I don't get what dose is. Is it the same word in English?

Thanks


----------



## Bahiano

addy25 said:


> Hey guys just need a translation/interpretation for the following sentence
> 
> não podemos demorar para repetir a dose!
> 
> I don't get what dose is. Is it the same word in English?
> 
> Thanks


Hi addy,
dose (pt.) = dose (engl.)
sometimes it's not that difficult...


----------



## addy25

I know lol. Thought it could be missing an accent somewhere which changes it completely. It just too simple to mean the same thing lol. Any idea what the sentence means. I am clueless lol. That's the only context I have got. :S


----------



## Bahiano

addy25 said:


> I know lol. Thought it could be missing an accent somewhere which changes it completely. It just too simple to mean the same thing lol. Any idea what the sentence means. I am clueless lol. That's the only context I have got. :S


Sure, something like "We can't/mustn't lose time to repeat the dose"


----------



## GamblingCamel

Bahiano said:


> Sure, something like "We can't/mustn't lose time to repeat the dose"


_Let's do it again, soon!!_

Demorar = linger, lag, be late 
Repetir a dose. Lots of examples on Twitter.


----------



## addy25

Sorry guys forgot to put the whole context in, not sure if it makes much difference. ta!

O tempo tá correndo, não podemos demorar para repetir a dose.


----------



## GamblingCamel

addy25 said:


> O tempo tá correndo, não podemos demorar para repetir a dose.



The clock is ticking.
Time is running out.

_Let's make hay while the sun still shines_.  
http://www.urbandictionary.com/define.php?term=Make hay while the sun shines


----------



## addy25

Lets make hay? Not to sure if I quite get what your saying there lol.


----------



## GamblingCamel

addy25 said:


> Lets make hay? Not to sure if I quite get what your saying there lol.

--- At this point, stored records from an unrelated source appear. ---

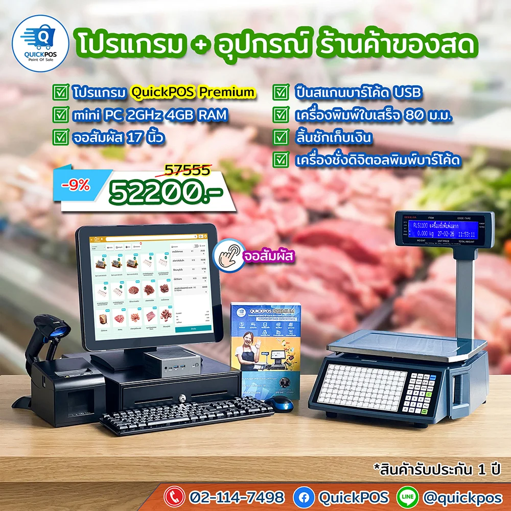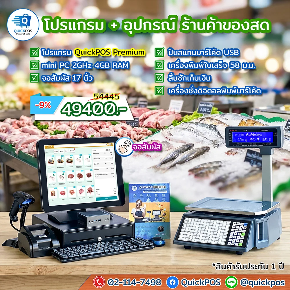 POS พร้อมใช้ ร้านของสด จอสัมผัส เครื่องพิมพ์ 80 เครื่องชั่ง
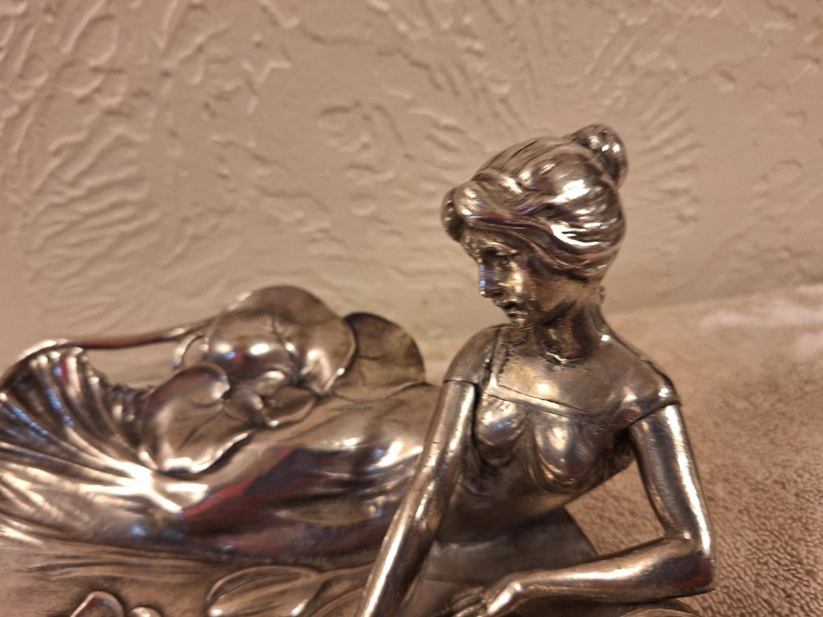 Art Nouveau silver-plated visiting card tray 95% pewter with silver plating. Made by German company WMF (Württembergische Metallwarenfabrik). "woman at the pond" absolutely BEAUTIFUL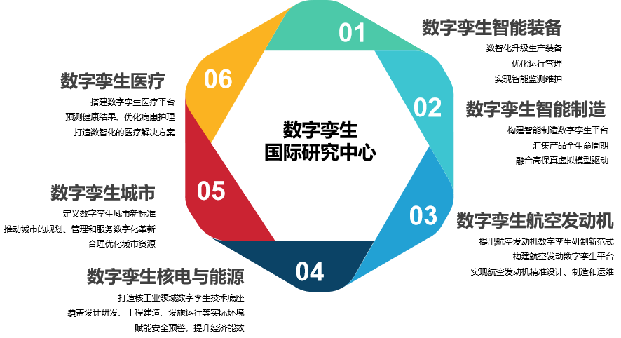 中心结合北航特色学科方向和国际专家团队研究优势,重点开展“六个方向”的研究:数字孪生航空发动机、数字孪生智能制造、数字孪生智能装备、数字孪生医疗、数字孪生核电与能源、数字孪生城市等。通过探索创新数字孪生基础理论、重点攻克数字孪生融合应用关键核心技术,推动面向不同领域的“数字孪生+”的创新应用。
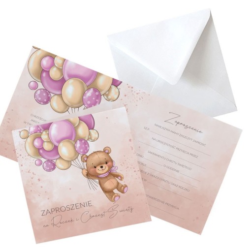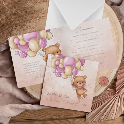 - zaproszenia z misiem i balonikami wykonane w odcieniach różu pozwolą zaprosić gości na Chrzest i Roczek dziewczynki
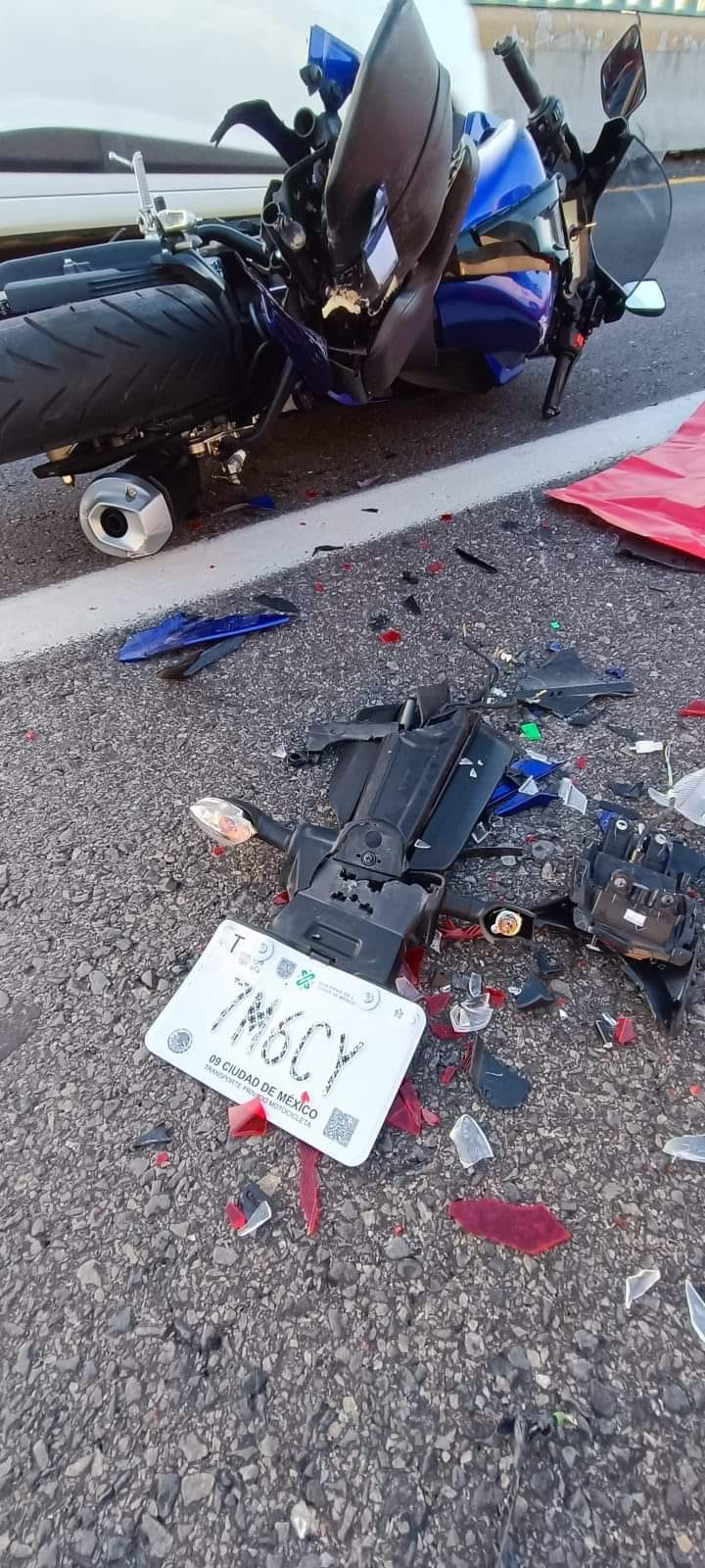 Sobre la citada vía, justo a la altura de San Pedro Xalostoc,, dirección a la capital del país, quedó el cuerpo sin vida del masculino junto a los restos de una motocicleta marca Yamaha, color entre azul y morado-negro R-15 con placas : 7M6CY

Don't you use that idiom in the U.K.? 
_If you make hay while the sun shines, you make good use of the chance to do something while it lasts._

o tempo està correndo = time / is / running out
PT speakers, is my interpretation okay? 

Addy, I love trying to decode your PT slang. And it's also nice to have another native EN speaker in this forum. We're so rare around here.


----------



## addy25

It must a very old term no offense lol. I don't picture myself every using it. I would probably get the micky taken out of me.


----------



## Carfer

It's a meal related expression. '_Dose_' also means '_serving', 'portion_', so in our Portuguese slang '_repetir a dose_' means get more of the same (whatever that same may be).


----------



## GamblingCamel

addy25 said:


> It must a very old term no offense lol. I don't picture myself every using it. I would probably get the micky taken out of me.

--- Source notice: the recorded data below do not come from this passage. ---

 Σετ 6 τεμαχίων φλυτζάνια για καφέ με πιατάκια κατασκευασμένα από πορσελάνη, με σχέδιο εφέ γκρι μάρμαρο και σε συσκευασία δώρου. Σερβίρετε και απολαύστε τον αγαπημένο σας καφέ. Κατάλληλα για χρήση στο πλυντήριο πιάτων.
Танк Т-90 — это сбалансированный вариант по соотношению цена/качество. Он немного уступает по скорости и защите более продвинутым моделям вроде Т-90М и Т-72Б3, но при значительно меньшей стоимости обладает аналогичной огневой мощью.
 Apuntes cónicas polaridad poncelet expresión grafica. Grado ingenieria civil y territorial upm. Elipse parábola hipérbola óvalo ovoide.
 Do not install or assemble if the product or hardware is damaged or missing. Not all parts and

Haha. Are you referring to Mickey Mouse, Mickey D's?



> _To take the piss _is an expression meaning to mock, tease, ridicule, scoff. _To take the micky_ is a euphemistic way of conveying this expression where the word "piss" may be vulgar. This is most widely used in the United Kingdom, Ireland, South Africa, New Zealand and Australia.



Regarding HAY and SHINE -- I'm old enough to know that cliches never really die.  
Tomorrow, if a rapper decides to use that idiom in a rhyme, it'll be back in style in no time.


----------



## addy25

Your probably right there!


----------



## Audie

GamblingCamel said:


> o tempo est*á* correndo/acabando = time / is / running out
> PT speakers, is my interpretation okay?
> 
> Addy, I love trying to decode your PT slang. And it's also nice to have another native EN speaker in this forum. We're so rare around here.


----------



## addy25

Carfer said:


> It's a meal related expression. '_Dose_' also means '_serving', 'portion_', so in our Portuguese slang '_repetir a dose_' means get more of the same (whatever that same may be).




meal related? could it not be used in terms of dating or relationships?


----------



## Carfer

addy25 said:


> meal related? could it not be used in terms of dating or relationships?


 
Sure, but that is the origin of the expression (I said it means _'get more of the same (whatever that same may be)'_).


----------



## Macunaíma

addy25 said:


> meal related? could it not be used in terms of dating or relationships?



I think of it as drink related rather than meal related, but anyway it's become a fixed phrase, an idiom meaning "have more of the same" as Carfer and GC indicated above. 

Vamos repetir a dose! = Let's do it again soon!


----------



## addy25

I was just thinking though, could you use the same term in more of a sexual way?


----------



## Macunaíma

addy25 said:


> I was just thinking though, could you use the same term in more of a sexual way?



Yes, you can say "let's do it again" in a sexual way, I guess.


----------



## Vanda

You can repeat "dose! in any context: drinking, food, sexual, entertainment. ..Just do it again.


----------